Nah, I don't know that for sure but I do know that there are very few times that I need more than SuperPaint can offer. The drag on the brush is epic when I am cutting in, and the white will cover any dark color in 1 coat.
I always apply a second coat but it is only to build the sheen.


----------



## Dorman Painting

I think the Super Paint is excellent, I'm using it right now on an interior that a lady smoked in. The smoking was normally contained to a master bathroom area, but I'm sure the smoke carried through out the house. We're giving the walls one coat of Superpaint satin, of course we're going over the exact same color as before. The coverage has been good, I've double rolled several walls because I'm picky. 

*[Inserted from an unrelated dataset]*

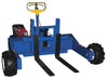 Capacity: 4,000 lbs. (Capacity at an 18" Load Center), Adjustable Fork Width: 8" to 36", Fork: 4"W x 36"L, Service Range: 2–5/8" to 12", Overall Size: 79"W x 68"L – Gas–Powered All–Terrain Pallet Truck – All terrain pallet truck with gas–powered traction drive system. Great for moving heavy loads over rough terrain. Powered by a Briggs & Stratton 6HP gas–powered engine for both the power traction drive and fork lift/lower. Handle with forward reverse speed control and dead man safety switch. Hydrostatic transmission with hand–operated forward and reverse selection. Powered fork raise and lower controlled with independent levers. Usable width between outriggers is 50". Pneumatic steer wheels are 13" diameter x 4" wide each. The drive wheels are 18" diameter x 8" wide each. Wheels include sealed bearings for outdoor use. Steering arc is 150°.

I think the Duration matte might be the trick though, I really like the sheen level it presents. It's in my bathroom in my house and the sheen level is just right for my taste. To me, Sherwin Wiliams satin and eggshell are just to shiney. I wish Super Paint came in a matte level.


----------



## WisePainter

Dorman Painting said:


> I think the Super Paint is excellent, I'm using it right now on an interior that a lady smoked in. The smoking was normally contained to a master bathroom area, but I'm sure the smoke carried through out the house. We're giving the walls one coat of Superpaint satin, of course we're going over the exact same color as before. The coverage has been good, I've double rolled several walls because I'm picky.
> 
> I think the Duration matte might be the trick though, I really like the sheen level it presents. It's in my bathroom in my house and the sheen level is just right for my taste. To me, Sherwin Wiliams satin and eggshell are just to shiney. I wish Super Paint came in a matte level.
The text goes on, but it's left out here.